**WHAT IS EXPECTED:**
Word-for-word transcription is needed for all of the entries.
■ ■ ■ ■
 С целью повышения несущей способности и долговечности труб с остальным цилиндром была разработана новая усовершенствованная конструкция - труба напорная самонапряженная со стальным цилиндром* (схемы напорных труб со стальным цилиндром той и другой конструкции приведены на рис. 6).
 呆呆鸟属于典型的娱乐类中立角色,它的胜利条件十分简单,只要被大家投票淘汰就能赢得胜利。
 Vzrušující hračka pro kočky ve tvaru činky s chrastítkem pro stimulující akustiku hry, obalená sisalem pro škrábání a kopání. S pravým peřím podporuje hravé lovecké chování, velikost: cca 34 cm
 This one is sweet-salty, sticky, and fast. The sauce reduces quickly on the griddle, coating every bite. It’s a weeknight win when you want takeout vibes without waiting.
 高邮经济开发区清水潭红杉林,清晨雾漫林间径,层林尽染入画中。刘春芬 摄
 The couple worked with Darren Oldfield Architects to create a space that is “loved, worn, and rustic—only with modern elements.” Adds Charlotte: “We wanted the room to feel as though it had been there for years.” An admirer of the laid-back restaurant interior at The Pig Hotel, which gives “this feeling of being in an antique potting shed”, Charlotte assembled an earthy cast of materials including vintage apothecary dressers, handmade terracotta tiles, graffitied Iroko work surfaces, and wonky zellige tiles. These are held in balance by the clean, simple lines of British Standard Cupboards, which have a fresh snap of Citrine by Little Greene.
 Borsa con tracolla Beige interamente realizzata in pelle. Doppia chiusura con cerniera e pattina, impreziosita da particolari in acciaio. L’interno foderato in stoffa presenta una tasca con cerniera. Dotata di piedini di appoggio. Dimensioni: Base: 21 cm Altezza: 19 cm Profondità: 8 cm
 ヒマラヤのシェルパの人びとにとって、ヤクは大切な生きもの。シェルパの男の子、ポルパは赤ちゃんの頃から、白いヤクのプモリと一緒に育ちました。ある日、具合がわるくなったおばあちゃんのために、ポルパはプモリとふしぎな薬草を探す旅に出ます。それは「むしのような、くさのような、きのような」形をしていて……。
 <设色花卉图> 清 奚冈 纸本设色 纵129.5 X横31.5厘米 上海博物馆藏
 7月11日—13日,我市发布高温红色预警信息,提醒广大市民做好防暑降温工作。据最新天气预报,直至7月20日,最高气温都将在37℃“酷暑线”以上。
■ ■ ■ ■
**SOLUTION FOR THIS EXERCISE:**
 С целью повышения несущей способности и долговечности труб с остальным цилиндром была разработана новая усовершенствованная конструкция - труба напорная самонапряженная со стальным цилиндром* (схемы напорных труб со стальным цилиндром той и другой конструкции приведены на рис. 6).
 呆呆鸟属于典型的娱乐类中立角色,它的胜利条件十分简单,只要被大家投票淘汰就能赢得胜利。
 Vzrušující hračka pro kočky ve tvaru činky s chrastítkem pro stimulující akustiku hry, obalená sisalem pro škrábání a kopání. S pravým peřím podporuje hravé lovecké chování, velikost: cca 34 cm
 This one is sweet-salty, sticky, and fast. The sauce reduces quickly on the griddle, coating every bite. It’s a weeknight win when you want takeout vibes without waiting.
 高邮经济开发区清水潭红杉林,清晨雾漫林间径,层林尽染入画中。刘春芬 摄
 The couple worked with Darren Oldfield Architects to create a space that is “loved, worn, and rustic—only with modern elements.” Adds Charlotte: “We wanted the room to feel as though it had been there for years.” An admirer of the laid-back restaurant interior at The Pig Hotel, which gives “this feeling of being in an antique potting shed”, Charlotte assembled an earthy cast of materials including vintage apothecary dressers, handmade terracotta tiles, graffitied Iroko work surfaces, and wonky zellige tiles. These are held in balance by the clean, simple lines of British Standard Cupboards, which have a fresh snap of Citrine by Little Greene.
 Borsa con tracolla Beige interamente realizzata in pelle. Doppia chiusura con cerniera e pattina, impreziosita da particolari in acciaio. L’interno foderato in stoffa presenta una tasca con cerniera. Dotata di piedini di appoggio. Dimensioni: Base: 21 cm Altezza: 19 cm Profondità: 8 cm
 ヒマラヤのシェルパの人びとにとって、ヤクは大切な生きもの。シェルパの男の子、ポルパは赤ちゃんの頃から、白いヤクのプモリと一緒に育ちました。ある日、具合がわるくなったおばあちゃんのために、ポルパはプモリとふしぎな薬草を探す旅に出ます。それは「むしのような、くさのような、きのような」形をしていて……。
 <设色花卉图> 清 奚冈 纸本设色 纵129.5 X横31.5厘米 上海博物馆藏
 7月11日—13日,我市发布高温红色预警信息,提醒广大市民做好防暑降温工作。据最新天气预报,直至7月20日,最高气温都将在37℃“酷暑线”以上。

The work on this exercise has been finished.